Among other products, he developed L-NDDP (Aroplatin), the first liposomal platinum formulation to enter into clinical trials, and he led a phase 1 study that identified its maximum tolerable dose and found no liposome-related AEs.14 PerezSoler was awarded several patents related to liposomes and helped pave the way for numerous therapies that were approved beginning in the mid-1990s.
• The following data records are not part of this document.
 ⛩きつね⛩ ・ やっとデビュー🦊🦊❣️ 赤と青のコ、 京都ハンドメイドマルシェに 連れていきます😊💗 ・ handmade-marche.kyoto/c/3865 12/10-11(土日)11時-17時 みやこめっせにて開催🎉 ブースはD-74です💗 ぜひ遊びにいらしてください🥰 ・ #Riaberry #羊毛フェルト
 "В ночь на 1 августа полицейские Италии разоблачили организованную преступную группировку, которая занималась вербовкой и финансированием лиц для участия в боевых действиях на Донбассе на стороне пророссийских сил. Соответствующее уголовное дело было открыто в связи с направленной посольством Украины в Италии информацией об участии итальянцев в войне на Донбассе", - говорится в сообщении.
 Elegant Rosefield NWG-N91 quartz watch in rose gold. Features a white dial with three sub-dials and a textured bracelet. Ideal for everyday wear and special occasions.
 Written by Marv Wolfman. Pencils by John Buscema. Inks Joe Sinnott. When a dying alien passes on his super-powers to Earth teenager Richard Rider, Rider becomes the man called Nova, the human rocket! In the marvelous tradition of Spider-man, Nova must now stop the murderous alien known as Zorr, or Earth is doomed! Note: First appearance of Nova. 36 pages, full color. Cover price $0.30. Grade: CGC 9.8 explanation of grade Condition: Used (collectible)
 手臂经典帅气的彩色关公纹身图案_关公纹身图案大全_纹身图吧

He also conducted early studies with EGFR inhibitors that led to a 1994 study of the monoclonal antibody RG 83852 in patients with NSCLC and head-and-neck cancer that found no toxic effects at doses that resulted in high tumor EGFR saturation.15 His most cited article is a phase 2 trial of erlotinib (Tarceva) in patients with HER1/EGFR–expressing NSCLC previously treated with platinum-based chemotherapy.16 Published in 2004, the study indicated erlotinib was an active and well-tolerated agent for treatment of relapsing NSCLC and supported continuing development of the drug, which was approved later that year.
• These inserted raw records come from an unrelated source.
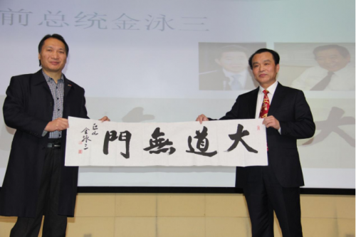 中韩文化交流协会会长王绘先生代表韩国前总统金泳三向诺金公司赠送书法作品:“大道无门”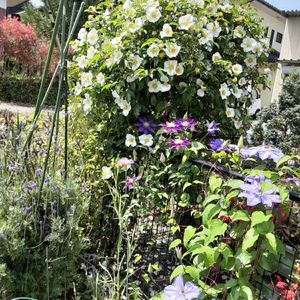 クレマチス・テッセン フェンス一面に咲くのが楽しみ~~😍🥰 その下で 可愛くチリアヤメが咲いてます💜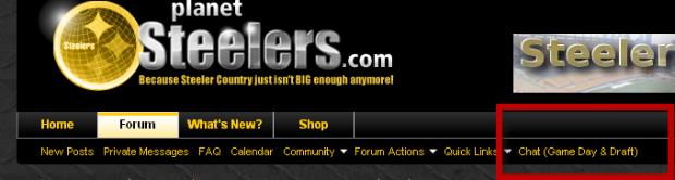 If you already have a Planet Steelers Forum account, all you need to do is log into the forum, and click the ‘Chat’ link (see the picture below):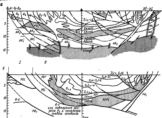 На таком фоне по-новому выглядит проблема выделения по сейсмическим данным геологически значимых разломов и контактовых поверхностей разных толш и комплексов. Наиболее крупные выдержанные по распространенности структурно-вещественные мегакомплексы коры удается выделять и прослеживать достаточно уверенно только по совокупности данных, прежде всего, о скоростных параметрах среды, положению в общем разрезе коры, с учетом данных по отражающим элементам и геологии поверхности, поскольку, как показал выполненный анализ всей системы профилей ГСЗ по Уралу, такие мегакомплексы характеризуются выдержанностью скоростных характеристик и их типовых вариаций . Оппоненты обычно указывают на различные неоднозначности вследствие влияния на физические параметры в коре вариаций давлений, напряженного состояния, флюидного режима и других трудно учитываемых факторов. Подобное влияние имеет место в частностях, но в целом интегральные скоростные характеристики крупных распространенных на больших площадях единиц разреза определяются надежно, а их латеральные вариации закономерно согласуются с особенностями геологии поверхности.

Among the many other agents that he has studied are topoisomerase inhibitors. He served as principal investigator for trials of topotecan in both NSCLC and SCLC. The study of patients with SCLC refractory to the topoisomerase II poison etoposide showed that topotecan, a topoisomerase I poison, had modest antitumor activity, indicating that clinical resistance to the former did not confer cross-sensitivity to the latter.17 Topotecan subsequently became the only approved second-line therapy for SCLC until lurbinectedin (Zepzelca) was approved last year.18
Perez-Soler said he was also proud of a 2000 paper he described as one of the first reports on patient-derived xenografts (PDXs) in mice.19 The study found that NSCLC tumors implanted in mice had an overall take rate of 46% (95% CI, 36%-56%), were morphologically very similar to the original tumors, and had a response rate to paclitaxel of 21% (95% CI, 9%-38%), which was equivalent to the response in human patients with advanced NSCLC.
“We demonstrated, I think for the first time, that this actually is a clinically relevant model, in the mouse, of human tumors. If that tumor in the mouse—which is your tumor—responds to the drug, your tumor will respond when they give you the drug,” he said. “And then 10 or 15 years after that, the whole thing exploded, and PDXs are now the new standard for in vivo tumor model.”
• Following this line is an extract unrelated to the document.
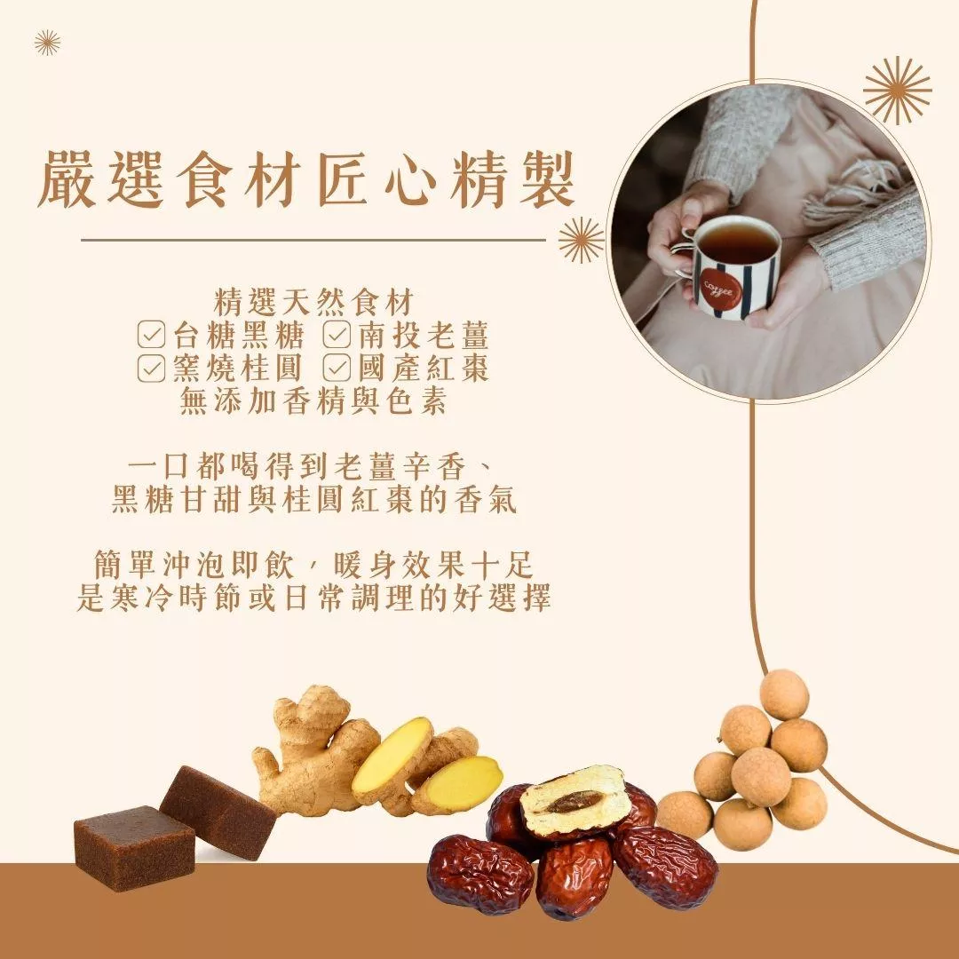 - 成份:黑糖、蔗糖、紅棗、桂圓肉、老薑(依實品中文標籤為準)

In recent years, Perez-Soler has remained involved in a broad spectrum of thoracic cancer research while also continuing his professional, administrative, and mentoring work. His projects include leadership of the Paul Calabresi Career Development Award for Clinical Oncology, a National Cancer Institute grant that has allowed approximately 25 young investigators at Einstein to dedicate the bulk of their time to research. He also plans on supporting his colleagues’ work, such as Halmos’ studies of MET mutations and Cheng’s inhaled azacitidine trial as well as her study of RICTOR, a component of the mTOR complex 2 (mTORC2) that is amplified in 8% to 13% of lung cancers.20
Cheng discovered RICTOR amplification in an 18-year-old never-smoker with lung adenocarcinoma, treated the patient with mTORC1/2 inhibitors, and together with her fellow investigators analyzed the protein and its oncogenic effects. They found that in 11% of lung cancers, RICTOR occurs as the sole potentially actionable gene target and launched a drug-screening effort to identify specific RICTOR inhibitors.
“It’s the youngest patient I’ve ever seen with lung cancer,” said Perez-Soler, who is the study’s corresponding author. “Is RICTOR going to be important? We don’t know. It could be important. It might lead to some treatments that would target that. It’s intriguing. It’s novel. The work needs to be done.”